Students like Perry have helped deliver care to 171 exclusively low-income clients who have been referred to the Centre through the 17 community partnerships that have been established so far.

One of those partnerships is with SchoolsPlus, a province-wide integrated service delivery model with sites at all Regional Centres for Education and Conseil Scolaire Acadien Provincial (CSAP).  

Melodie Skeete, SchoolsPlus integrated services regional coordinator, said her organization has referred children/youth and their families for psychoeducational and ADHD assessments. 

“Schools are often the first place to notice when students and families are struggling,” said Skeete, adding that SchoolsPlus staff often have trouble adequately resourcing mental health services and assessments due to system gaps and barriers. 

“The Centre is one of a kind. It addresses the service gaps for those who are marginalized and economically excluded by providing low-barrier, no-cost and timely mental health and assessment services.”

Melodie Skeete

Looking to the future

Dr. Pencer noted that staff and students have already received a workshop led by Anangkwe Charity Fleming, an Ontario-based Indigenous social worker who specializes in Indigenous-adapted cognitive behavioural therapy, which is used to treat several different mental health conditions. 

Fleming will help the Centre develop a Mi’kmaq-adapted, Etuaptmumk Two-Eyed Seeing-structured psychotherapy model.

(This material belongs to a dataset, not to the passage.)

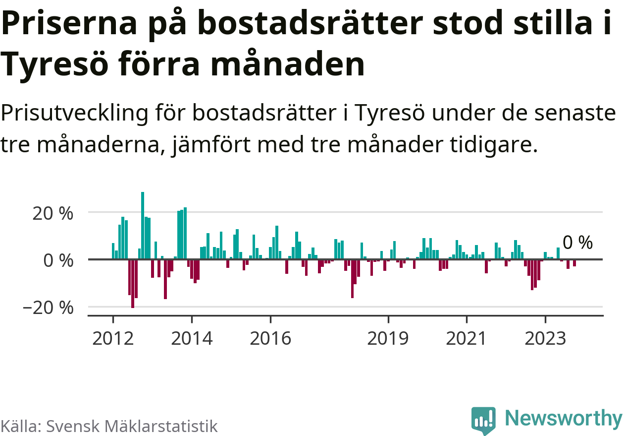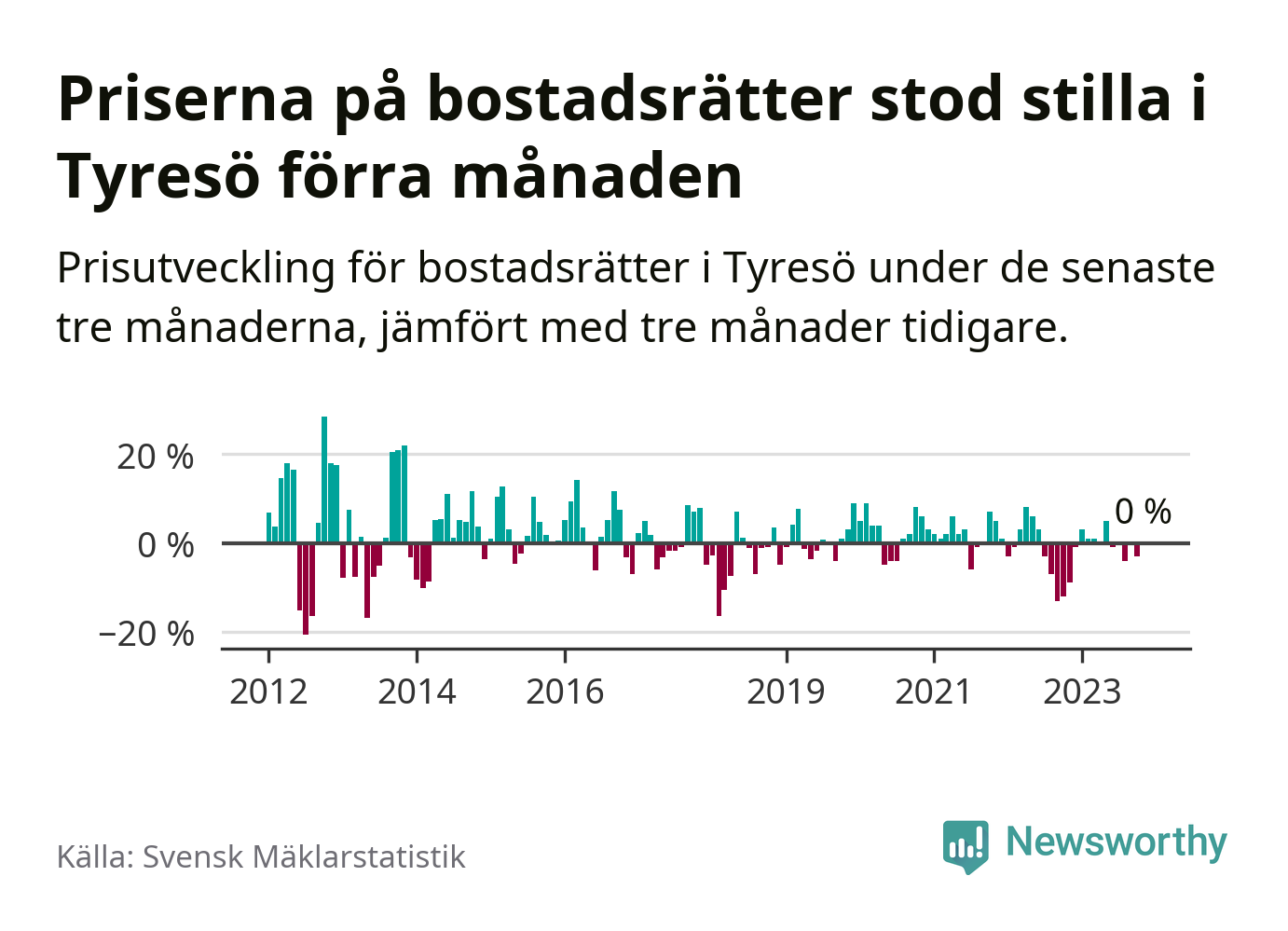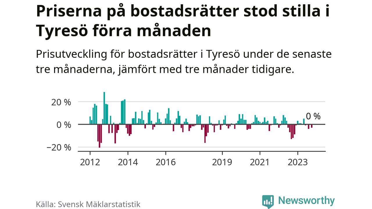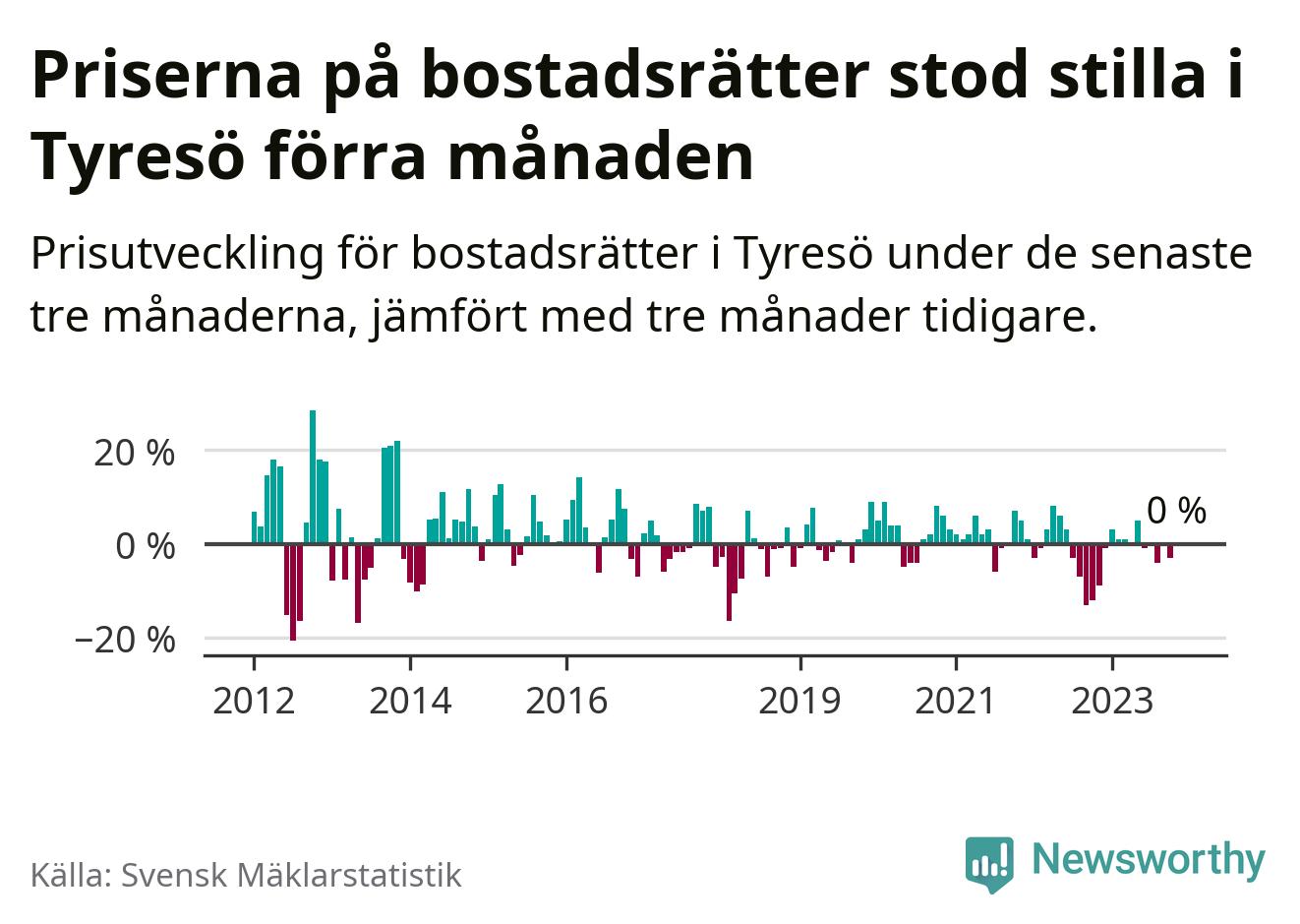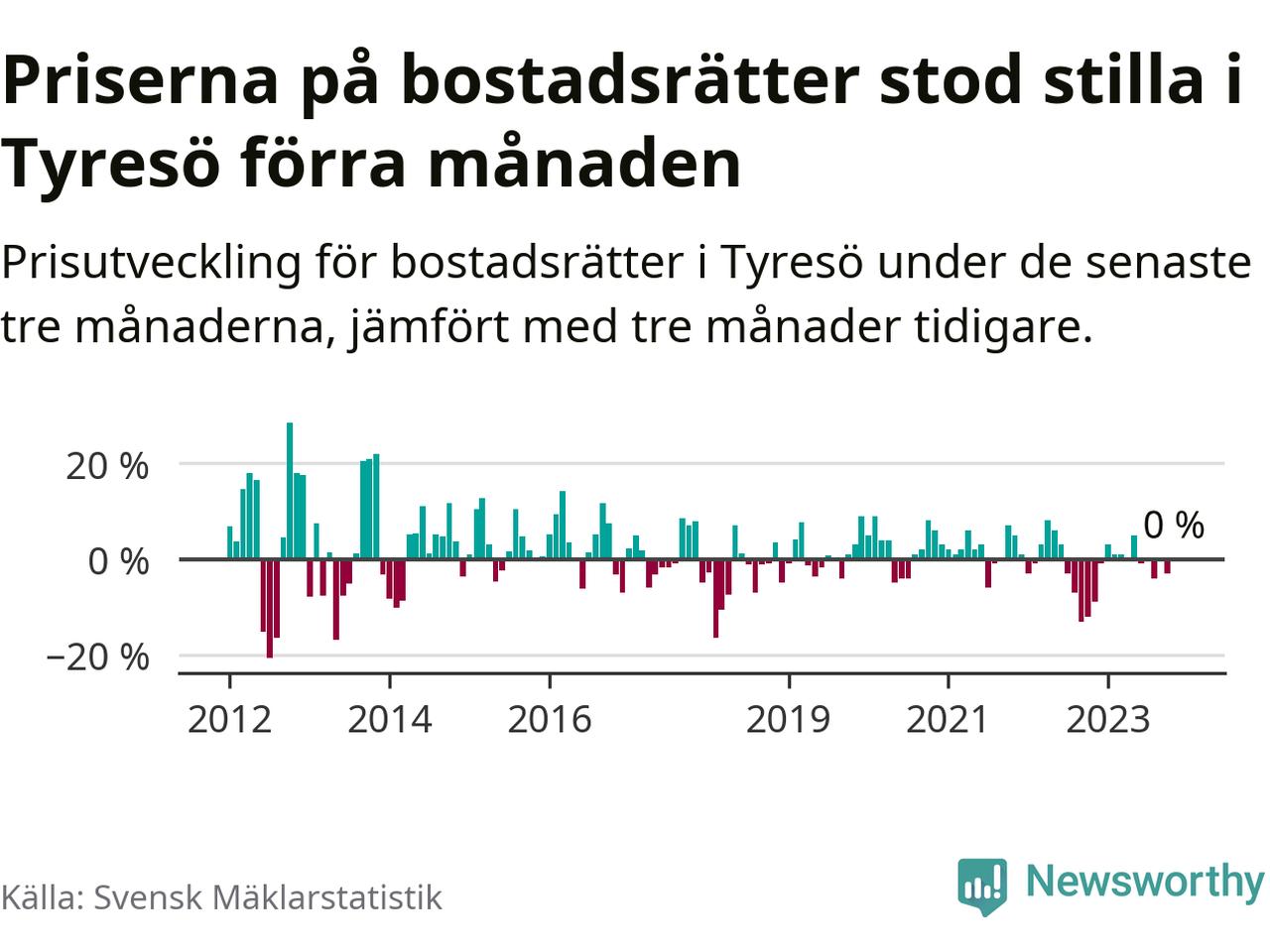 Priserna på bostadsrätter står i stort sett stilla i Tyresö kommun. Medelpriset på de på försäljningarna under de senaste tre månaderna låg på samma nivå som för tre månader sedan.

Elder Albert Marshall of Eskasoni Nation and Dalhousie’s Elder-in-Residence Ann LaBillois will serve as advisors for the project.

While she engages with Indigenous community members to guide the process and creation of the new model, Fleming will continue to consult with the Centre to provide training on working with Indigenous clients. 

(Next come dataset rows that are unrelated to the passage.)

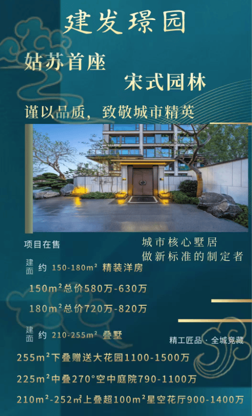 在售产品 :建面约 190–255㎡ 的四代宋风叠墅,及 150–180㎡ 臻境洋房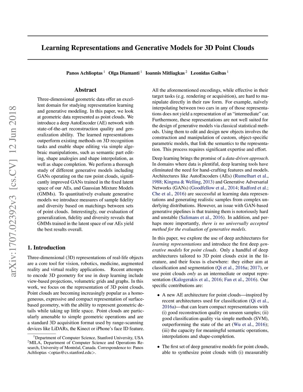 Three-dimensional geometric data offer an excellent domain for studying representation learning and generative modeling. In this paper, we look at geometric data represented as point clouds. We introduce a deep AutoEncoder (AE) network with state-of-the-art reconstruction quality and generalization ability. The learned representations outperform existing methods on 3D recognition tasks and enable shape editing via simple algebraic manipulations, such as semantic part editing, shape analogies and shape interpolation, as well as shape completion. We perform a thorough study of different generative models including GANs operating on the raw point clouds, significantly improved GANs trained in the fixed latent space of our AEs, and Gaussian Mixture Models (GMMs). To quantitatively evaluate generative models we introduce measures of sample fidelity and diversity based on matchings between sets of point clouds. Interestingly, our evaluation of generalization, fidelity and diversity reveals that GMMs trained in the latent space of our AEs yield the best results overall.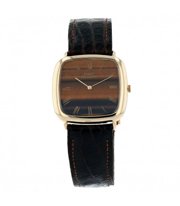 Montre bracelet en or jaune, cadran en oeil de tigre avec chiffres romains peints. Mouvement automatique. Bracelet crocodile marron avec boucle ardillon en or jaune. Signée et numérotée.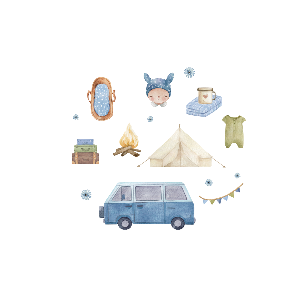 Houden jullie van kamperen? Dan past dit zomerse geboortekaartje met blauw VW busje en tent perfect bij de geboorte van jullie zoon! Op de voorkant staan allerlei lieve waterverf kampeer tekeningetjes, zoals een tent, kampvuur en warme choco met marshmallows. De naam wordt gedrukt met goudfolie.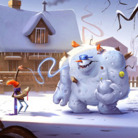 a winter scene where an animated snowman character and a person are standing together. The snowman has a friendly appearance with eyes, a smile, and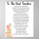 Un profesor es alguien que puede tener uno de los mayores impactos en tu vida. Graduarse de la escuela o ir a otro grado es un gran logro, y no se podría hacer sin su profesor. Este mejor poema para profesores es el regalo perfecto de fin de año para la apreciación de los profesores. Dejar atrás un recuerdo duradero antes de pasar a la siguiente nota, y hacer saber a su profesor cuánto te han ayudado. Tu profesor puede usar a este poster como arte mural, o como un aguijón.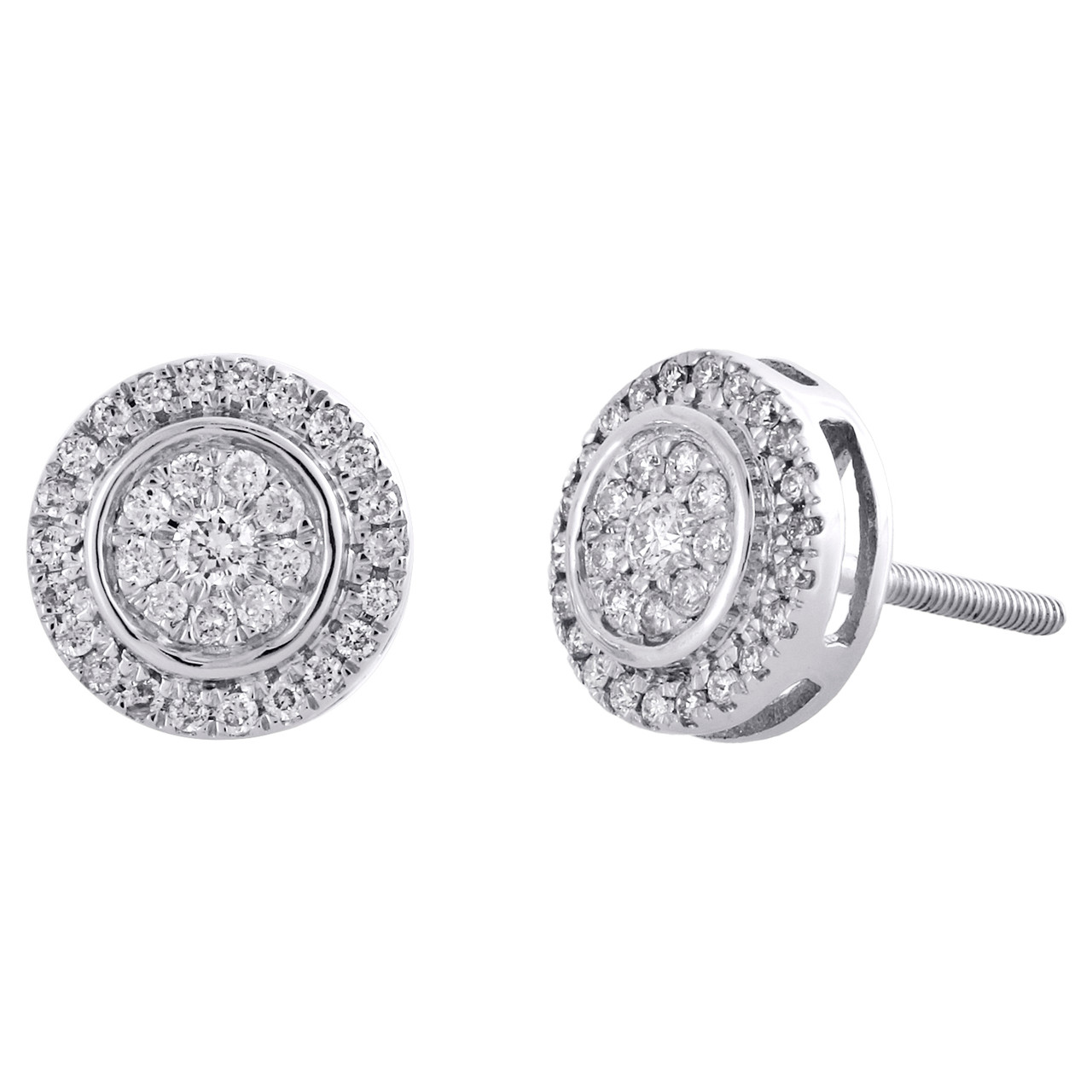Stunning pair of studs added to our diamond earring collection. These earrings are expertly crafted in 14K white gold. Radiant with 0.25 ct. t.w. of genuine diamonds, these studs are high polished for a bright shine. These particular studs consist of round diamonds in shared prong setting, making the overall appearance larger and lustrous. Screw-backs for secure wear, these earrings will be a great addition to your jewelry collection. Circle shape frame give these pair of earrings depth and makes a bold fashion statement. Perfect size, these studs are 8.25mm in width and 3.25mm thickness.

Workshops planned for the spring and summer will focus on the African Nova Scotian community, refugees, newcomers to Canada, and the 2SLGBTQIA+ community.

Dean of Science Dr. Chuck Macdonald concluded the event by praising the work of the Centre as exemplifying Dal’s commitment to being a civic university and looked forward to the impact the gift will make. 

“GreenShield’s gift will allow the Centre to continue to grow and build on its early success. The impact of this generosity will be felt at Dal, in the local community, and beyond.”